There are two ways to sag when we pass our thirties, doctors say: When large breasts sag, the nipples do a swan dive and head toward your waist; when small breasts sag, the nipples gracefully sink back toward your chest.
One way you look like a cow that needs milking. The other way you look like a boy. It may not be what God, nature and Victoria's Secret intended, but sag can be the reality of the post-30 breast.
"Somewhere between the ages of 30 and 40, the elastic tissue in the breast begins to degenerate," explains Albert M. Kligman, M.D., professor of dermatology at the University of Pennsylvania School of Medicine in Philadelphia. The breast fibers, which act like rubber bands and provide that resilient bounce as you walk, will still stretch. But they don't snap back quite as well. The result is saggy breasts with a few stretch marks thrown in for good measure.

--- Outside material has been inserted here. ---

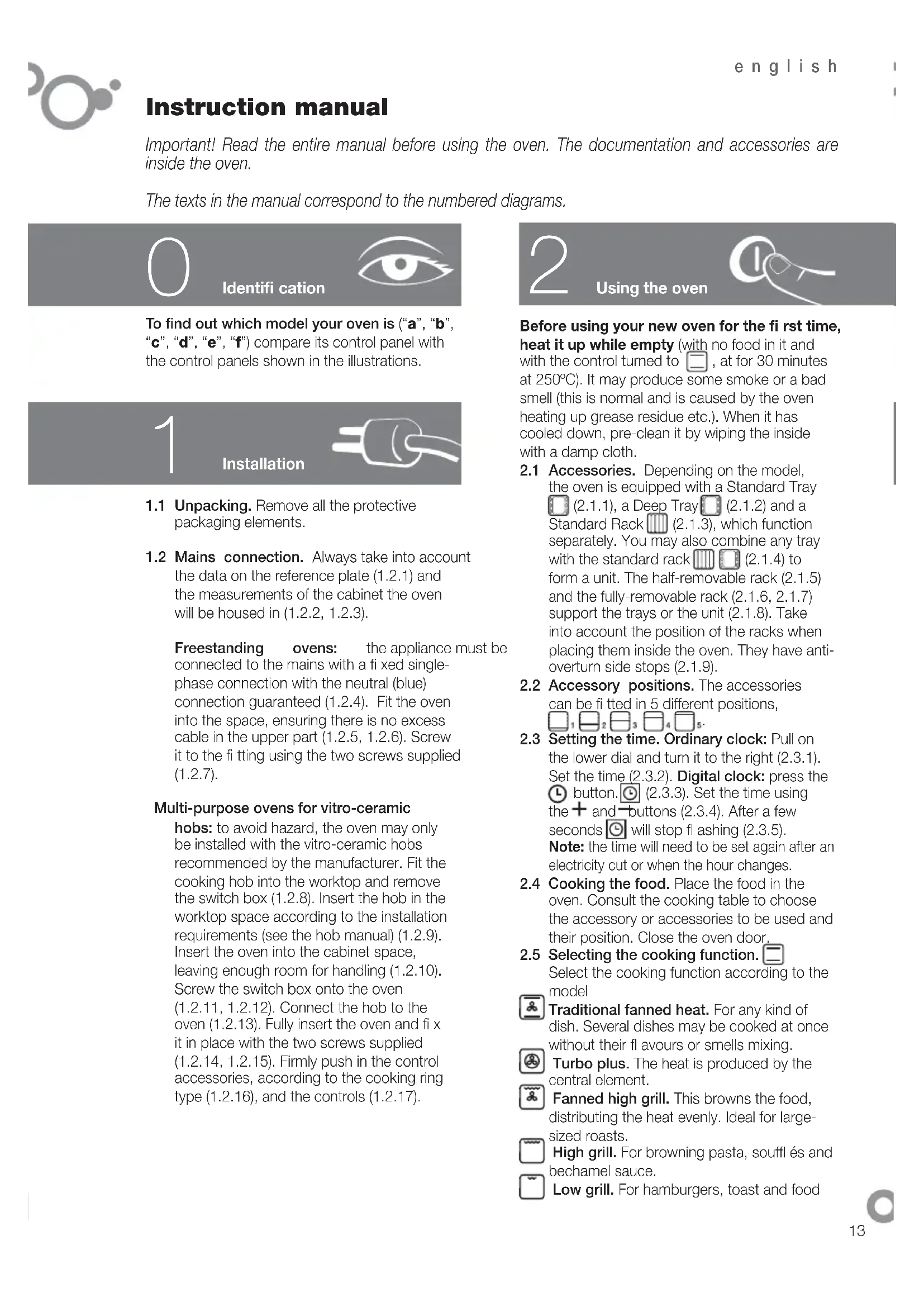 Installation Using the oven To fi nd out which model your oven is (“a”, “b”, “c”, “d”, “e”, “f”) compare its control panel with the control panels shown in the illustrations.

Adding to the problem, hormonal changes--both during pregnancy and as you reach menopause--make breasts sag more.
During pregnancy, the hormones estrogen and progesterone, which are secreted by the ovary and the placenta, stimulate development of the 15 to 20 lobes of milk-secreting glands embedded in the breast's fatty tissue. These changes are permanent. And although the glands may be empty after they're no longer needed to produce milk, they will still add bulk and firmness to the breast.

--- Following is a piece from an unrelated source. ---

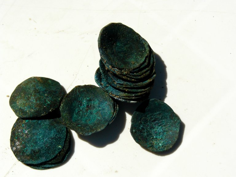 Монетно съкровище от 24 броя сребърни скифати, открито в погребение от некропола (Снимки: Архелогически музей, Созопол)

Once menopause arrives, however, the drop in estrogen and progesterone signal the breast that its milk ducts and lobes can retire. As a result, the breast shrinks, adds fat and begins to sag over and above the demands of gravity.
Fortunately there are several ways to prevent, and sometimes reverse, both sag and stretch marks.
Think weights. "There's no way I know of to build up the breast's fatty tissue," says Dr. Carter. "But you can build up the pectoralis muscles underlying the fatty tissues so that you get the same effect."
To prevent or reduce sag, get a couple of two-pound weights--no heavier--and work those muscles five times a week, says Dr. Carter.
With a weight in each hand, extend your arms sideways and do 15 small, backward circles about a foot in diameter. Widen the circles slightly and do another 15; widen them again and repeat. Slowly work your way up to 50 circles for each repetition.
Roll your shoulders. Put your weights aside and with your arms hanging at your sides, roll your shoulders backward, down and forward in a circular motion 15 to 20 times, says Dr. Carter. Do it five days a week.
Hit the deck. "Start off trying to do 10 push-ups and work your way up to 20," says Dr. Carter. It may take up to six months, she adds. But you're more likely to do them regularly if you add one push-up at a time. Just get on your hands and knees, raise your feet six inches off the floor, and lower your upper body down to within an inch of the floor. Do these five days a week as well.
Get some support. Wearing a bra is a good way to prevent sagging, says Dr. Kligman. In fact, he suggests that any female over the age of 15 do so.
Get a style that has great support and allows minimal bounce, says Dr. Kligman. And wear it all day, not just when you work out.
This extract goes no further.